Inlet throttle is connected to a high-pressure fuel source and via an outlet throttle to a space of lower pressure, the outlet throttle being connected to a

Exhaust control valve, which is connected to an actuator connected to a control unit, can be opened and closed so that an intake control valve (13) is provided, with which the intake throttle (5) is connected to the

Exhaust control valve (10) is opposite closing and evident.

2. Injection valve according to claim 1, so that the actuator (14; 26) is at the same time in a controlling operative connection with the inlet control valve (13).

3. Injection valve according to claim 1, so that a second actuator (15) is connected to the inlet control valve (13) in a controlling manner.

4. Injector according to one of claims 1 to 3, d a d u r c h g e k e n n z e i c h n e t that the

Inlet control valve (13) through the actuator (14; 26) via a control edge (16) located on the actuator (14) or a bridge (27) can be actuated directly or via a two-armed angle lever (25) connected downstream of the actuator (26).

5. Injection valve according to one of claims 1 to 4, characterized in that the actuator is designed as a first piston (14) in a first actuating cylinder, in the cylinder space on the one hand a drain hole (20) protrudes and on the other hand has a connection to a second control cylinder, which can be opened or closed by the actuator, and that a second control piston (15) is arranged in the second control cylinder and is connected in a controlling manner to the inlet control valve (13).

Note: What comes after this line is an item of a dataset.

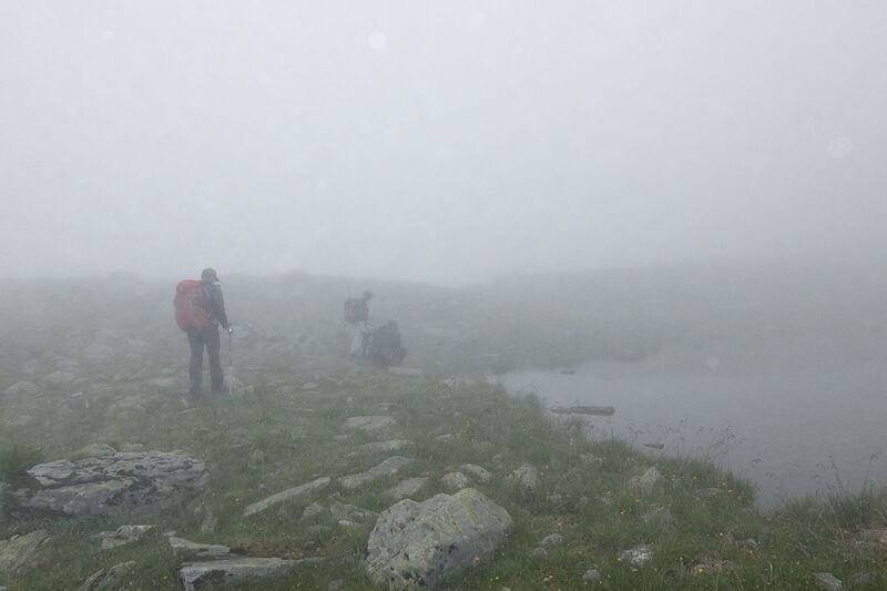 Auf der Bergstation stiegen wir bei dichtem Nebel aus und machten uns auf den Weg in Richtung Hütte. Aufgrund der nasskalten Wetterbedingungen und den vielen Grauabstufungen am Himmel verzichteten wir auf die Gipfelbesteigung der Madrisella 2.466 m. Immerhin konnten wir den geplanten Weg wandern, Wegpunkte setzen und viele interessante Pflanzengesellschaften aufnehmen und dokumentieren.

6. Injection valve according to one of the claims Ibis 5, d a d u r c h g e k e n n z e i c h n e t that the inlet control valve (13) in the path from the supply channel (3) extended into the cylinder (12) and the channel (18) leading to the control chamber (6) is switched on.

7. Injection valve according to one of claims 1 to 6, that a piezoceramic actuator (24) is used as the control unit.

8. Injector according to one of claims 3, 6 or 7, that the second actuator (15) is connected to a second control unit which is designed as a second piezoceramic actuator.

9. Injection valve according to claim 7, so that the axis of the actuator (24) is arranged in a desaxed manner towards the system center of the injection valve body (1).